# Antenna adapter



## Mddrummer911 (Jul 9, 2011)

Hey does anyone that has installed a aftermarket radio remember if an antenna adapter is required?


----------



## LS2 MN6 (Jul 14, 2010)

It's a VW Adapter. I think 1995+ Golf\Jetta.


----------



## Mddrummer911 (Jul 9, 2011)

LS2 MN6 said:


> It's a VW Adapter. I think 1995+ Golf\Jetta.

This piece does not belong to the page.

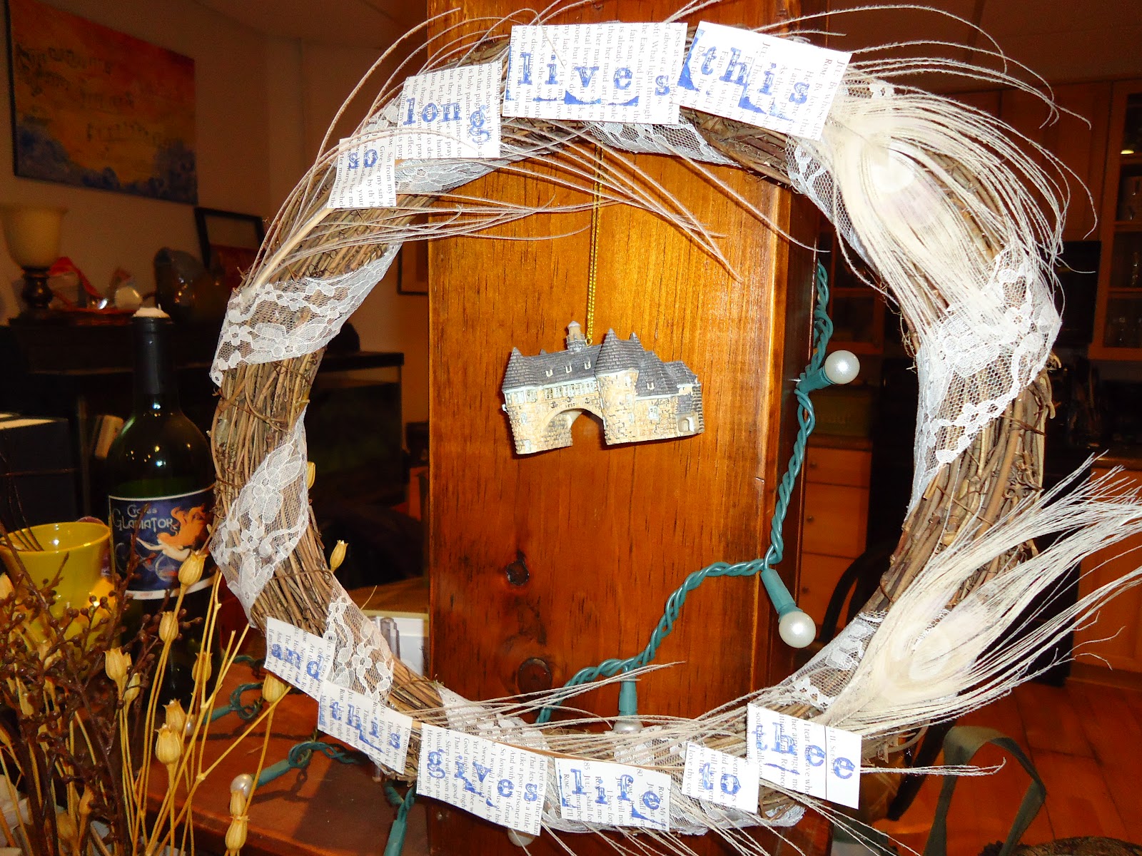 I thought I was done, but there was something still missing. I remembered I had three white peacock feathers left from when I made my hair flower, and used them as extra flourishes on the wreath. Here's how it turned out!
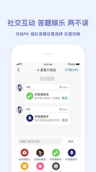 一个大学生专属社交答题互动平台。拥有全新的知识答题对战比拼,快来用知识和运气,去赢你的朋友吧!在对战答题,赢取积分,还可以为爱豆投票哦。

Ok cool. I'm trying to track one down... Do you have a part number? Is it an amplified antenna?


----------



## dude515 (Mar 30, 2011)

Amazon.com: Stereo ANTENNA Harness Pontiac GTO 04 05 2004 2005 AFTERMARKET STEREO / RADIO ANTENNA ADAPTOR - PLUGS INTO AFTERMARKET STEREOS AND CONNECTS INTO FACTORY ANTENNA: Electronics
Amazon.com: Stereo ANTENNA Harness Pontiac GTO 06 2006 AFTERMARKET STEREO / RADIO ANTENNA ADAPTOR - PLUGS INTO AFTERMARKET STEREOS AND CONNECTS INTO FACTORY ANTENNA: Electronics
have you tried google search? pick your poison


----------



## Mddrummer911 (Jul 9, 2011)

Thanks dude!yea I tried searching, but I was getting like 3 different models in all of my search results each was a different adapter, one was even amplified. Thanks I'll order this one


----------